Australia took a significant step towards progress in supporting people with autism last week. The Autism Cooperative Research Centre has published our first National Guideline for supporting autistic children. The Guideline has been praised for its progressive approach, promoting holistic support rather than assimilation.
A group assembled by the ACRC, which consisted of researchers, clinicians, and autistic people, consulted with over 1000 community members and analysed evidence from three systematic reviews of international research.
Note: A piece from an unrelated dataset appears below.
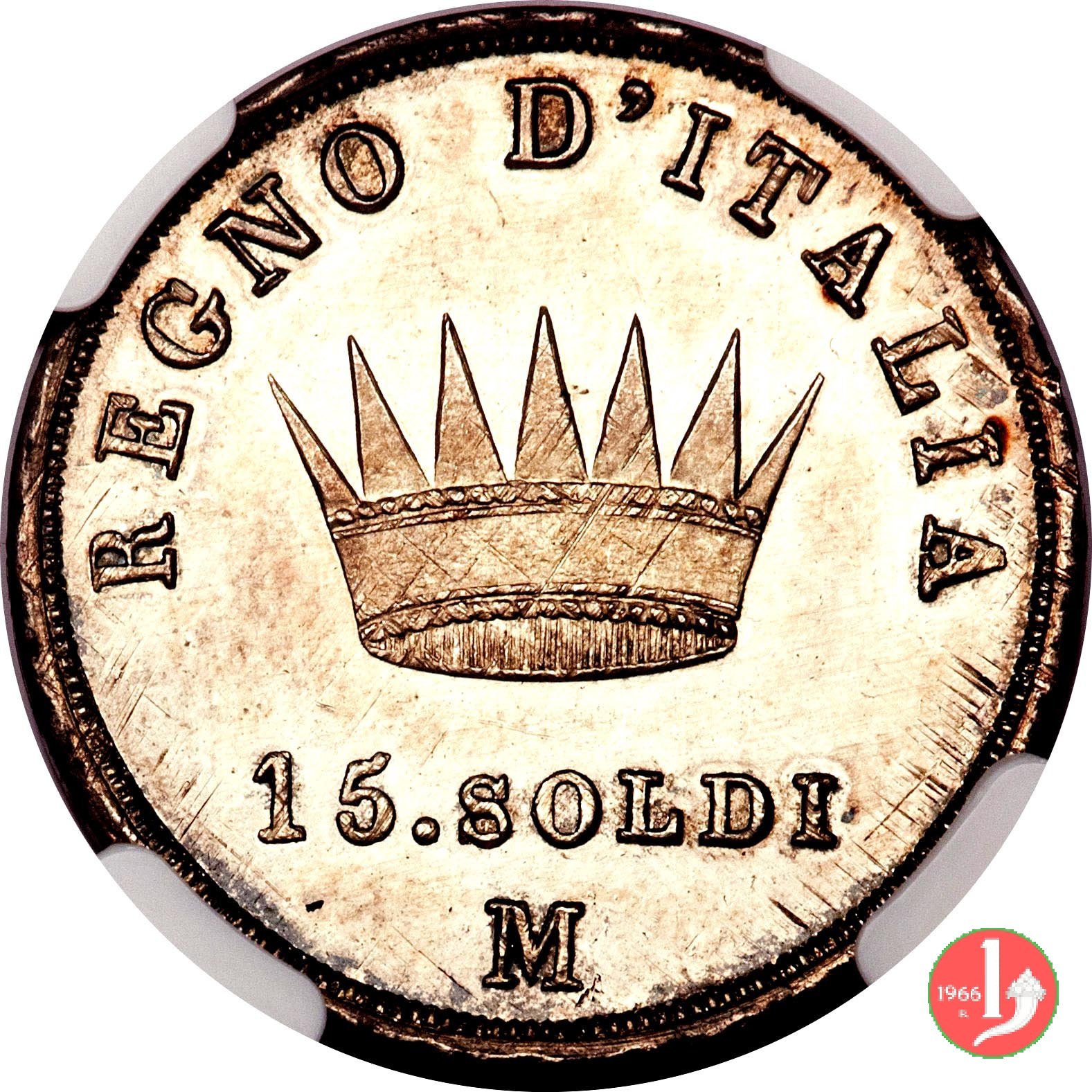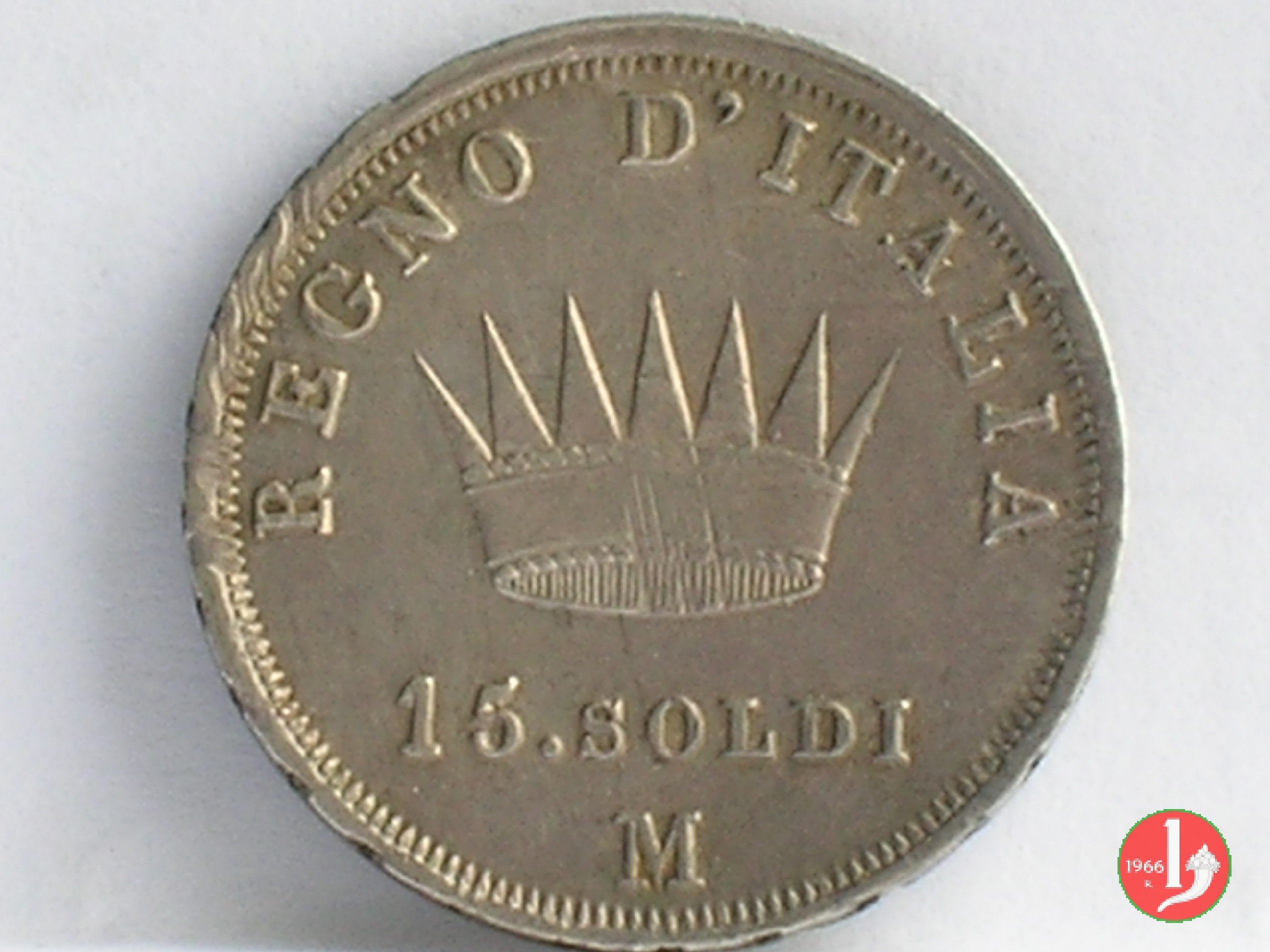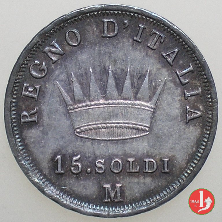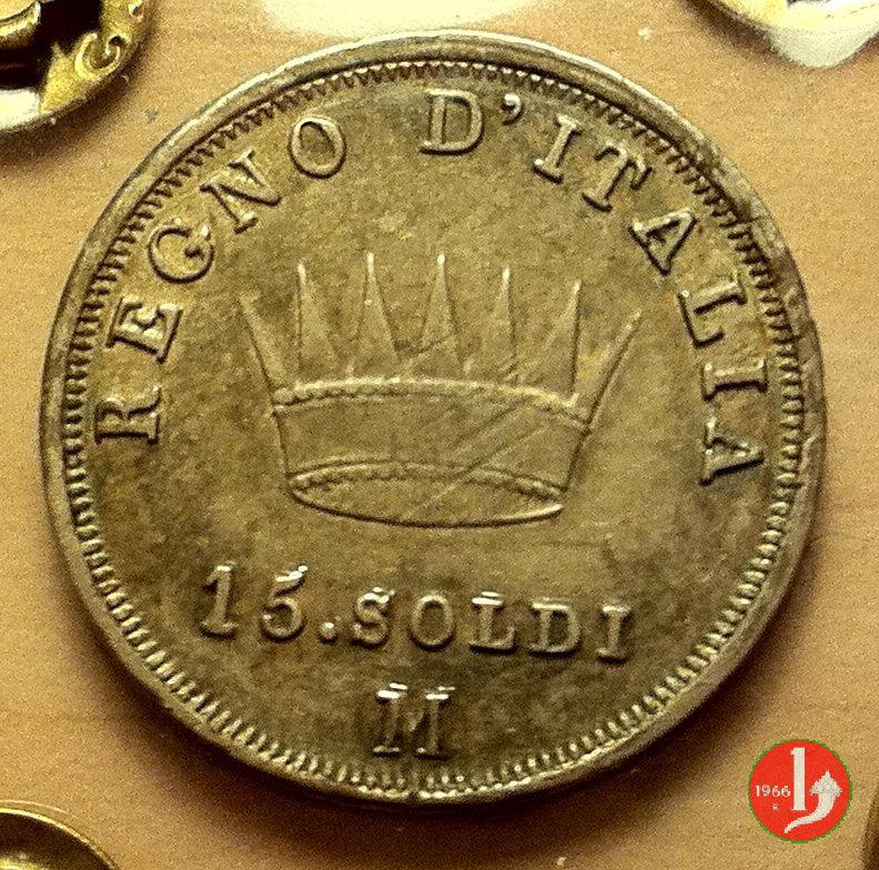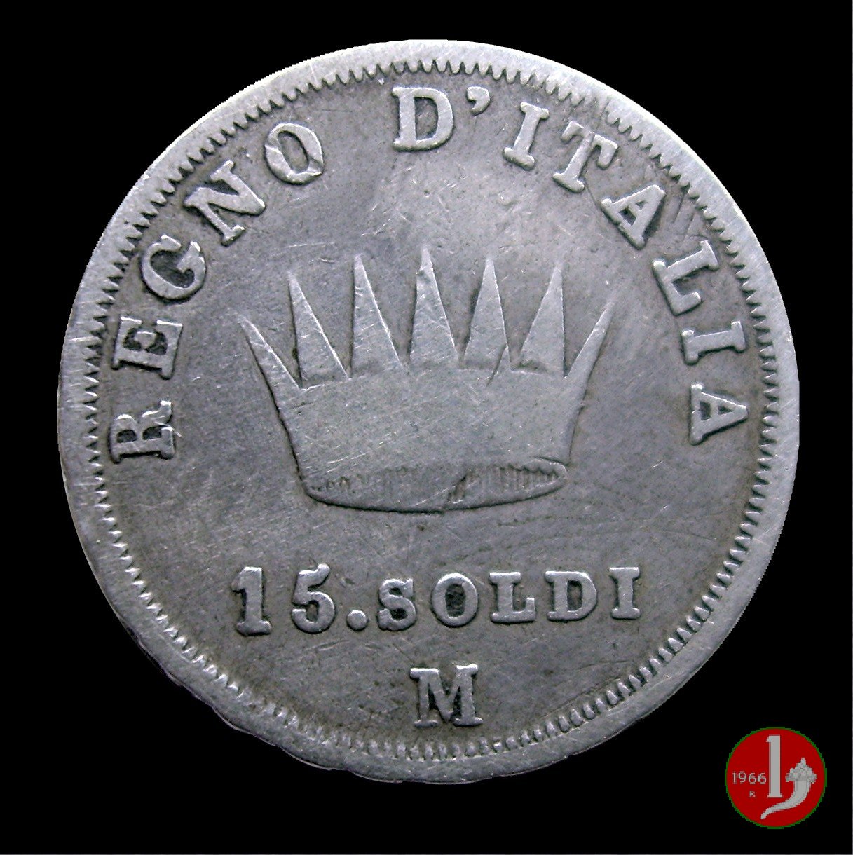 Moneta da 15 soldi ovvero 75 centesimi. Il Carboneri cita anche il 15 Soldi 1810, ad oggi i pochi esemplari comparsi sono tutti contraffatti nella data.

Through this process, the Centre developed 84 recommendations for best practices in clinical support for autistic children and their families.
While many countries have similar best practices recommendations for diagnosing autistic kids, Australia is among the first to have such a list for supporting them after diagnosis.
Furthermore, the Guideline is ground-breaking in its emphasis on tailoring support to individual children.
For example, there are no recommended minimum hours of therapy – a feature present in other Guidelines of this type, such as the New York state clinical practice guideline, which suggests 15+ hours weekly of applied behaviour analysis or related therapies for autistic kids.
The inclusion of recommended minimum therapy hours stems from the long-standing view of autism as something to be ‘fixed’, and autistic kids as needing to be ‘cured’. This goal of assimilation can result in dozens of hours weekly spent in therapy, with little time left for rest and play.
“It’s not necessarily going to create meaningful and lasting skills, and can also be very stressful,” says Katharine Annear, a board member of ACRC and the Guideline development group. “So it’s about looking at making choices that respect the child and the child’s time to also be a child.”
Essentially, the Guideline aims to help clinicians, families and communities supporting autistic children to sort through the complex factors that go into making therapy decisions, in a systematic way. And to do so in a way that affirms neurodivergence, rather than treating it as something which needs to be suppressed and glossed over.
Commenting on the Guideline, “the kind of general ideas, are very in line with calls from the autistic community and the wider neurodivergent communities as well,” says speech pathologist Liz Baird, who has autism herself.
The Guideline is not mandatory, though the ACRC says it hopes the NDIS will adopt it. There have also been some concerns raised about the practicality of the Guideline’s universal application.
“There’s a workforce shortage, and the shortage is most evident in vulnerable communities,” notes Adam Guastella, professor of child and youth mental health at USYD. “If the government is serious about endorsing these guidelines, which they claim to be, they need to put some funding behind many of these statements.”
Hopefully, these concerns are addressed by the government’s promised National Autism Strategy, as mentioned by Federal Minister for Social Services, Amanda Rishworth.
“The evidence-based and inclusive development of this guideline is a demonstration of how the Government will develop its National Autism Strategy,” she said, at the Guideline’s launch last Friday. “Our government has a clear and dedicated vision to improve the lives of all autistic people.